As Hurricane Larry curved north in the Atlantic in 2021, sparing the eastern seaboard of the United States, a special instrument was waiting for it on the island of Newfoundland, in Canada. Because hurricanes feed on warm ocean water, scientists wondered whether such a storm could pick up microplastics from the sea surface and deposit them when it made landfall. Larry was literally a perfect storm: because it hadn’t touched land before reaching the island, anything it dropped would have been scavenged from the water or air, as opposed to, say, a highly populated city, where you’d expect to find lots of microplastics.

As Larry passed over Newfoundland, the instrument gobbled up what fell from the sky. That included rain, of course, but also gobs of microplastics, defined as bits smaller than five millimeters, or about the width of a pencil eraser. At its peak, Larry was depositing over 100,000 microplastics per square meter of land per day, the researchers found in a recent paper published in the journal Communications Earth and Environment.
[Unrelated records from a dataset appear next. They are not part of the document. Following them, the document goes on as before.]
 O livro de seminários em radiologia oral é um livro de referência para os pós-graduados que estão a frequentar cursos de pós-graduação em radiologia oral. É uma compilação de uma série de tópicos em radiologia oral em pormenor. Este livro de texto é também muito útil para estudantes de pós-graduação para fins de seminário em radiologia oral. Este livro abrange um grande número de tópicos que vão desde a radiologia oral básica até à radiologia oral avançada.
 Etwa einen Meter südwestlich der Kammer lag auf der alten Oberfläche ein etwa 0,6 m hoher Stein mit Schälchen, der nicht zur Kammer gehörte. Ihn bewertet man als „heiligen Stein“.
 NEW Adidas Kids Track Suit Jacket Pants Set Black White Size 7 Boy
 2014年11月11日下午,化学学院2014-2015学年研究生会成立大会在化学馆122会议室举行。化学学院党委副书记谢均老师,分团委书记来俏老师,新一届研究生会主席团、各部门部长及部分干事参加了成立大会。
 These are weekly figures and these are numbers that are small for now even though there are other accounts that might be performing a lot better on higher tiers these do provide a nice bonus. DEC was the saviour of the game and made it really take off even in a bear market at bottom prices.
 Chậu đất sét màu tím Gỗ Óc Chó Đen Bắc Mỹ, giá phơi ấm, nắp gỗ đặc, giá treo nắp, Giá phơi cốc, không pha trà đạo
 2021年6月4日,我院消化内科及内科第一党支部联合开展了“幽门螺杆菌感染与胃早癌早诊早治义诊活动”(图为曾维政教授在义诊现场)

Add hurricanes, then, to the growing list of ways that tiny plastic particles are not only infiltrating every corner of the environment but also readily moving between land, sea, and air.
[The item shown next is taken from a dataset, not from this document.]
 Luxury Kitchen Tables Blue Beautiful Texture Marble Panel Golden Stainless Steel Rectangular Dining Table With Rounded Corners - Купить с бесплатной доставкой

As humanity churns out exponentially more plastic in general, the environment gets contaminated with exponentially more microplastics. The predominant thinking used to be that microplastics would flush into the ocean and stay there: washing synthetic clothing like polyester, for instance, releases millions of microfibers per load of laundry, which then flow out to sea in wastewater. But recent research has found that the seas are in fact burping the particles into the atmosphere to blow back onto land, both when waves break and when bubbles rise to the surface, flinging microplastics into sea breezes.

The instrument in a clearing on Newfoundland was quite simple: a glass cylinder, holding a little bit of ultra-pure water, securely attached to the ground with wooden stakes. Every six hours before, during, and after the hurricane, the researchers would come and empty out the water, which would have collected any particles falling—both with and without rain—on Newfoundland. “It’s just a place that experiences a lot of extreme weather events,” says Earth scientist Anna Ryan of Dalhousie University in Nova Scotia, lead author of the paper. “Also, it’s fairly remote, and it’s got a pretty low population density. So you don’t have a bunch of nearby sources of microplastics.”
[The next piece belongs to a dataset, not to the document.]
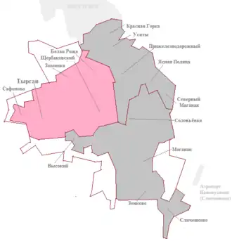 Район включает в себя планировочные районы (бывшие населённые пункты, вошедшие в городскую черту): Тырган, Зиминка, Щербаковский, Березовая Роща, Сафоново[18].
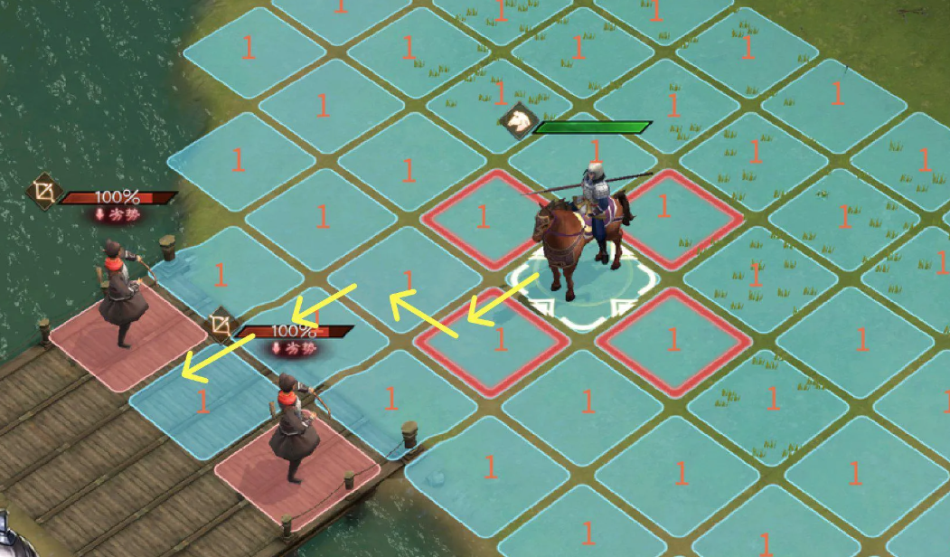 这种移动方式,会让对面的阵营慌乱,将原本比较强大的阵营弄成四分五列,而我方就能占据人数优势去集火对面的落单单位,一般情况下三个山贼是足够秒杀对面的单位,而且即便阵亡一个,整体的兵种数量还是比较占据优势,为了避免敌方有后排突然,可以在后排放置两个山贼进行阻挡。

The team found that even before and after Larry, tens of thousands of microplastics fell per square meter of land per day. But when the hurricane hit, that figure spiked up to 113,000. “We found a lot of microplastics deposited during the peak of the hurricane,” says Ryan, “but also, overall deposition was relatively high compared to previous studies.” These studies were done during normal conditions, but in more remote locations, she says.

The researchers also used a technique known as back trajectory modeling—basically simulating where the air that arrived at the instrument had been previously. That confirmed that Larry had picked up the microplastics at sea, lofted them into the air, and dumped them on Newfoundland. Indeed, previous research estimated that somewhere between 12 and 21 million tonnes of microplastic swirl in just the top 200 meters of the Atlantic, and that was a significant underestimate because it didn’t count microfibers. The Newfoundland study notes that Larry happened to pass over the garbage patch of the North Atlantic gyre, where currents accumulate floating plastic.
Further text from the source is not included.